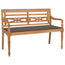 Batavia-bænk med gråbrun hynde 120 cm massivt teaktræ
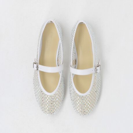 チュールにビジューのついたフィッシュネットを貼り合わせた素材で透け感があり、シーズンムードをぐっと高めてくれる一足です。
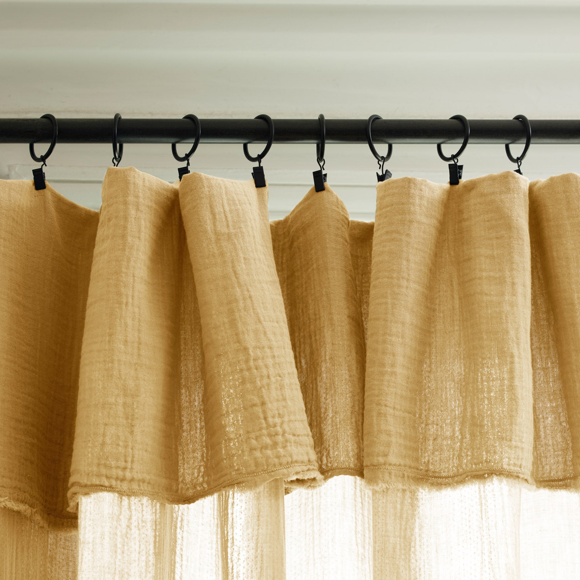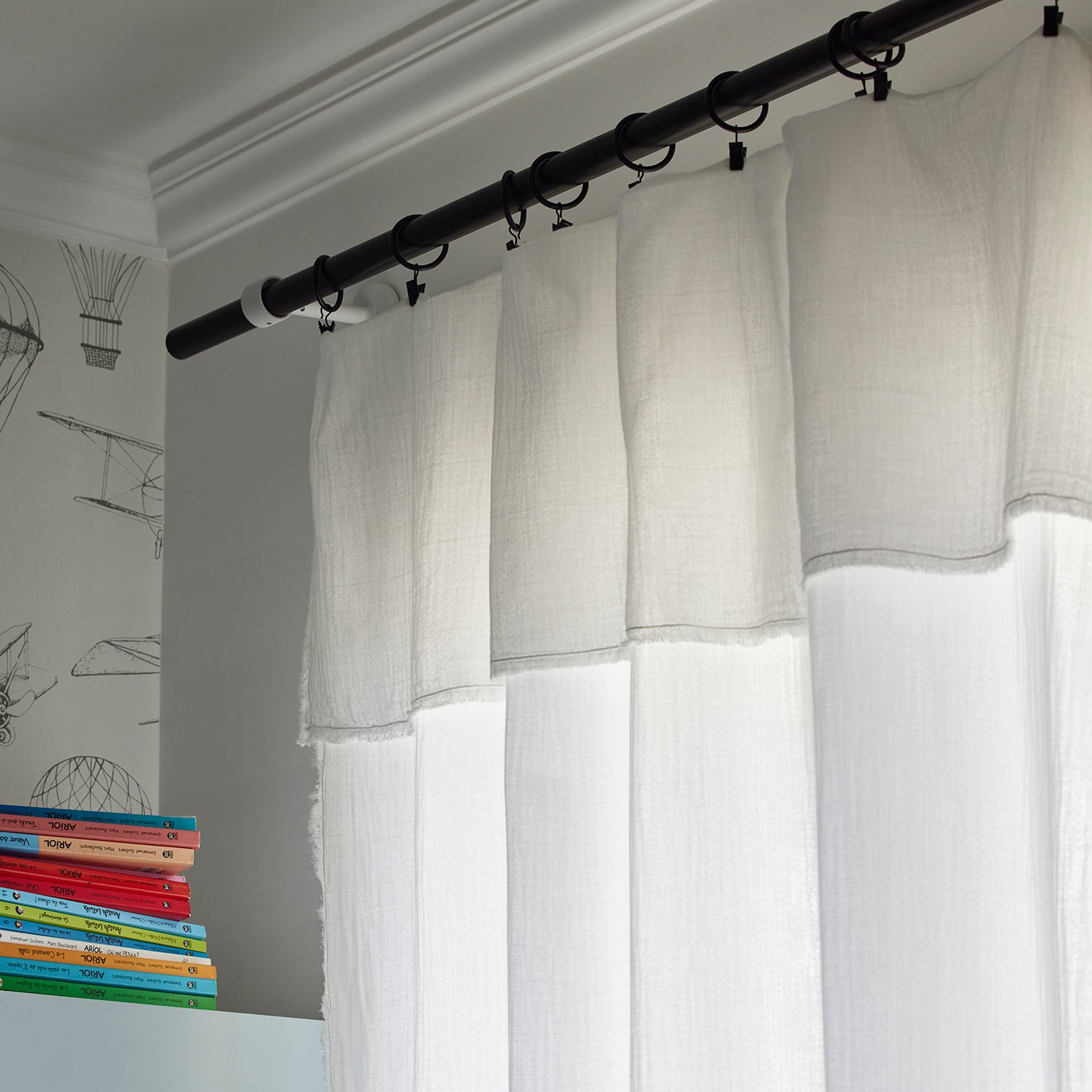 Tous nos rideaux sont disponibles dans plusieurs tailles, pour convenir à toutes les fenêtres. Grâce à ses accessoires, notamment aux anneaux-pinces, ils s’installent facilement dans toutes les pièces : une simple tringle.
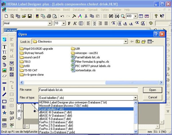 After happily using Herma labels to label my beer bottles , I also want to use them to label jars in which I keep my SMD electronic components. Instead of printing multiple copies of the same label, I needed to figure out a way to print a different text onto each label, preferably without having to type over all the label information that I already have in an Excel file. Luckily, the Herma Label Designer has a feature to import information from a ‘database’. It has a small learning curve, so here’s a quick tutorial.
* * *
▶ **WORK TO BE COMPLETED**
Every line of the material above should be repeated exactly, except for the pictures.

▶ **EXERCISE OUTPUT**
 Batavia-bænk med gråbrun hynde 120 cm massivt teaktræ
 チュールにビジューのついたフィッシュネットを貼り合わせた素材で透け感があり、シーズンムードをぐっと高めてくれる一足です。
 Tous nos rideaux sont disponibles dans plusieurs tailles, pour convenir à toutes les fenêtres. Grâce à ses accessoires, notamment aux anneaux-pinces, ils s’installent facilement dans toutes les pièces : une simple tringle.
 After happily using Herma labels to label my beer bottles , I also want to use them to label jars in which I keep my SMD electronic components. Instead of printing multiple copies of the same label, I needed to figure out a way to print a different text onto each label, preferably without having to type over all the label information that I already have in an Excel file. Luckily, the Herma Label Designer has a feature to import information from a ‘database’. It has a small learning curve, so here’s a quick tutorial.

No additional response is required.